Infants who were exposed to opioids in utero but not diagnosed with neonatal opioid withdrawal syndrome shortly after birth appear to be at an increased risk of death compared with those who have been diagnosed with neonatal opioid withdrawal syndrome, suggests a study published Monday in JAMA Pediatrics.

“The findings of this study suggest that programs and policies to support women with opioid use disorder and their infants are warranted, regardless of perceived severity of neonatal opioid withdrawal,” wrote JoAnna K. Leyenaar, M.D., Ph.D., M.P.H., of Children’s Hospital at Dartmouth-Hitchcock Medical Center and colleagues.

Leyenaar and colleagues conducted a retrospective cohort study of mother-infant pairs using the Texas Neonatal Intensive Care Project dataset, which includes information on maternal health care claims/encounters during pregnancy and infant mortality. For mother-infant pairs to be included in the study, infants had to be born in Texas between 2010 and 2014 at a gestational age of 22 to 43 weeks to women aged 15 to 44 and insured by Texas Medicaid.

Among the 1,129,032 maternal-infant pairs included in the analysis, 7,207 had prenatal opioid exposure, including 4,238 infants who were diagnosed with neonatal opioid withdrawal syndrome and 2,969 who were not.
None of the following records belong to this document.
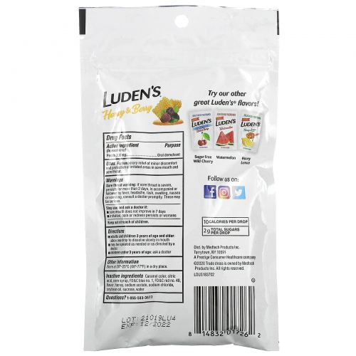 Описание товара Luden's, Леденцы с пектином, успокаивающее средство для полости рта, с медом и ягодами, 25 леденцов для горла
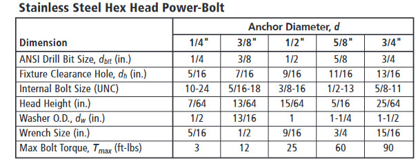 It's now 18 ft lbs for 3/8" and 30 ft lbs for 1/2", up from 12 ft lbs and 25 ft lbs. The sale thread mentioned installation torque, and I noticed that the installation torque values changed in the latest spec sheet. No idea if anything actually changed with the bolt, but the 50% increase for the 3/8" size is substantial. New: |
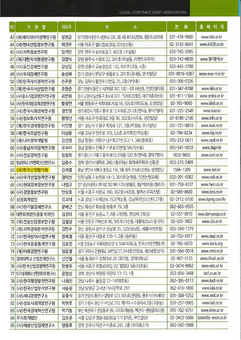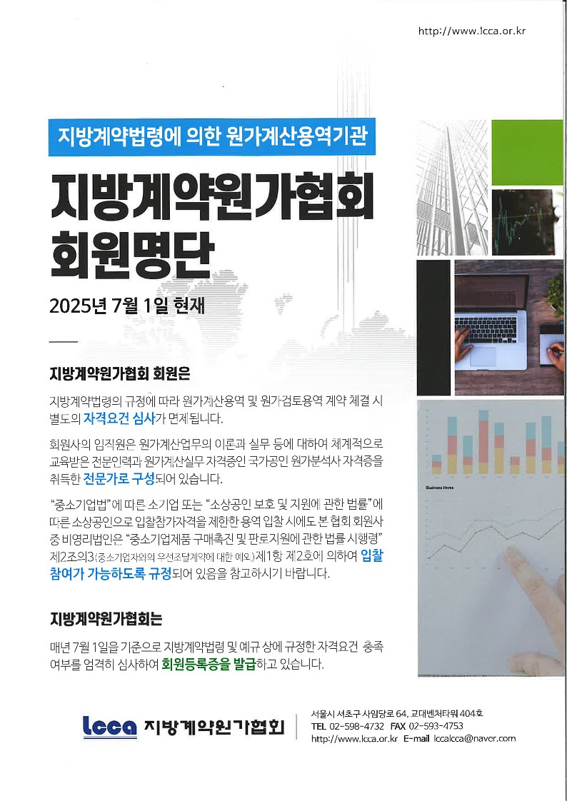 재단법인 한국산업평가원은 사단법인 지방계약원가협회에 등록된 정회원사로서,

The infant mortality rate was highest in opioid-exposed infants without neonatal opioid withdrawal syndrome (20 per 1,000 live births), compared with infants with a history of neonatal opioid withdrawal syndrome (11 per 1,000 live births) and infants with no prenatal opioid exposure (6 per 1,000 live births), the authors reported.

After adjusting for maternal and infant characteristics, Leyenaar and colleagues found that infants diagnosed with neonatal opioid withdrawal syndrome were no more likely to die during their first year of life than those with no history of prenatal opioid exposure. In contrast, the odds of death in opioid-exposed infants not diagnosed with neonatal opioid withdrawal syndrome was 72% greater than those infants with no history of opioid exposure.
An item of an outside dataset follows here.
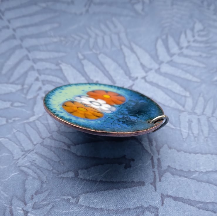 This enchanting pendant reminds me of a little rock pool, with the millefiori inserts very much resembling anemones. The colour of the ‘pool’ blends from light green at the bottom to a lovely rich, dark lapis blue at the top, with dark edging around the green. The inserts are in contrasting orange with a white one in the centre – a very tropical looking pool with its bold colours! For a change, I have put all the detail on the ‘inside’ of the domed copper blank, which greatly adds to the rock pool effect. A glassmaking technique which combines and fuses bundles of different coloured glass rods into patterns, cuts them into chunks and embeds them into glass items, Millefiori (literally ‘a thousand’ and ‘flowers’) is widely used for paperweights. Yes, and the same principle is used for seaside rock!
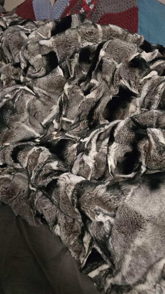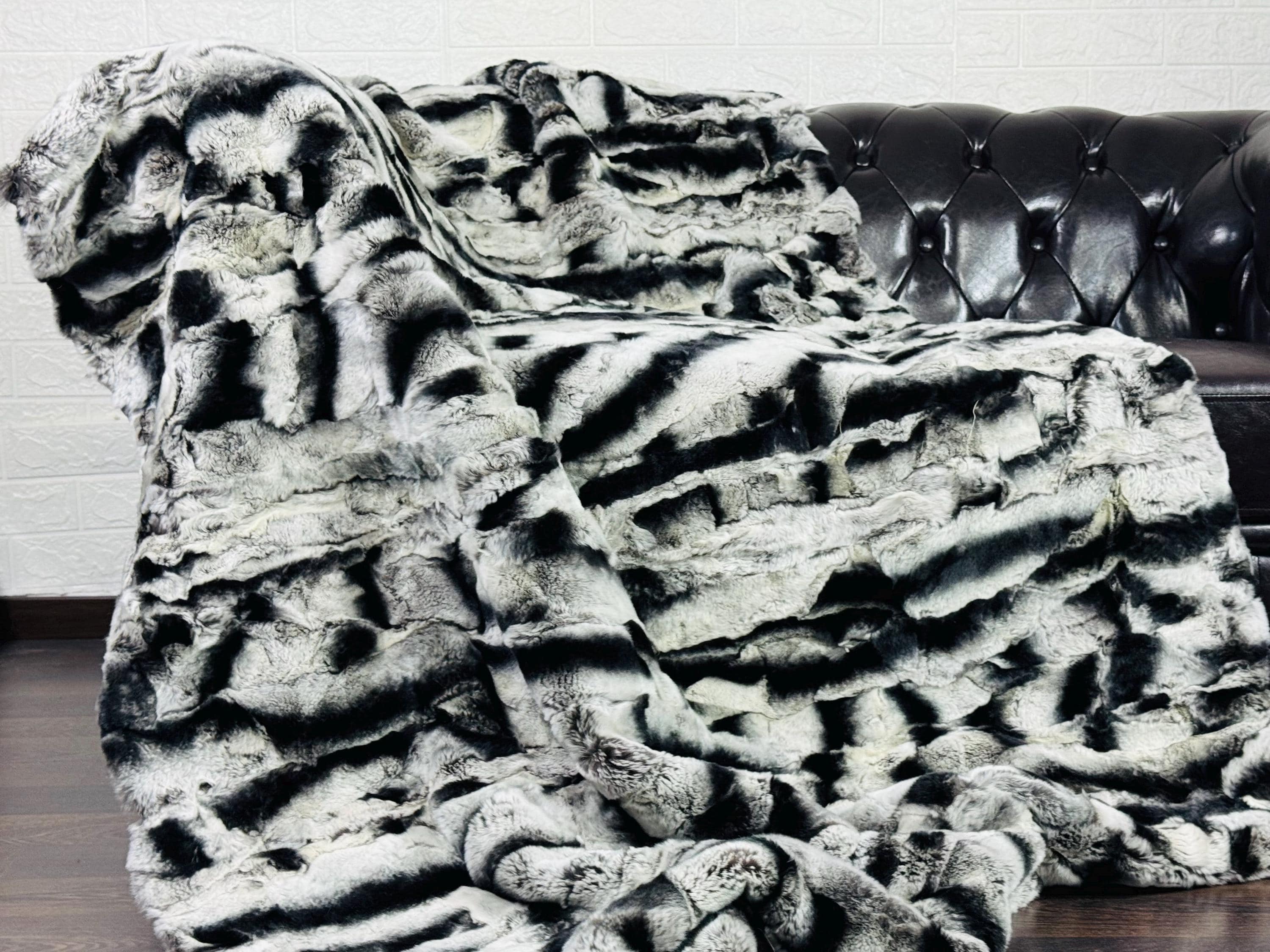 Handmade Real Chinchilla Print Color Rex Rabbit Fur Blanket that can be used as a throw as well. Perfect for Bedspread or Sofa Cover.

“The postnatal period is one of substantial risk to women with OUD [opioid use disorder], including increased risks of treatment discontinuation, overdose, and postpartum depression,” Leyenaar and colleagues wrote.

“The findings of our study suggest that opioid-exposed infants are at increased risk of mortality during infancy, and the constellation of treatments and supports provided to infants diagnosed with [neonatal opioid withdrawal syndrome] may be protective. Clinical interventions, public health programs, and health policy to support women with OUD and their infants appear to be warranted, regardless of the perceived severity of neonatal opioid withdrawal,” they concluded.
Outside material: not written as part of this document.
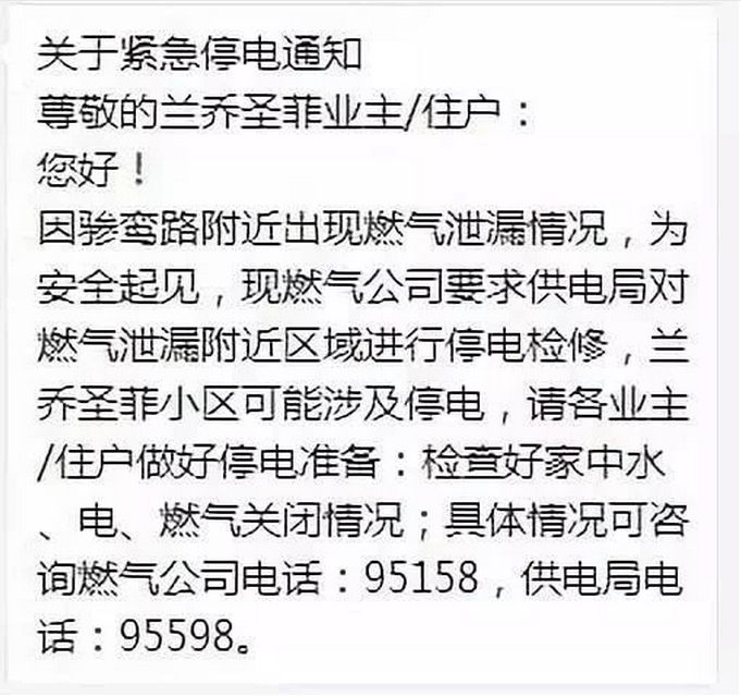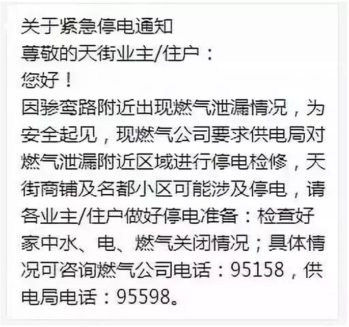 為確保施工安全,供電部門已對天然氣泄漏附近區(qū)域進行停電檢修,驂鸞路附近的如蘭喬圣菲、天街等多個小區(qū)及商圈均及時向業(yè)主發(fā)布緊急停電通知。附近都多個小區(qū)及商圈物業(yè)發(fā)布了相關(guān)緊急通知。

For related information, see the American Journal of Psychiatry article “Leveraging Telehealth in the United States to Increase Access to Opioid Use Disorder Treatment in Pregnancy and Postpartum During the COVID-19 Pandemic.”

(Image: iStock/fotostorm)

Members Invited to Apply for New Presidential Task Force on Social Determinants of MH

APA members are invited to apply for appointment to the new Task Force on the Social Determinants of Mental Health, which reflects the theme of incoming APA President Vivian Pender, M.D. There will also be eight work groups that will address major issues related to social determinants of mental health. The appointments begin on May 3 and conclude at the close of the 2022 Annual Meeting. Those interested should submit a CV, brief summary of expertise, and specific area of interest to TFSDOMH@psych.org by the deadline of by April 26.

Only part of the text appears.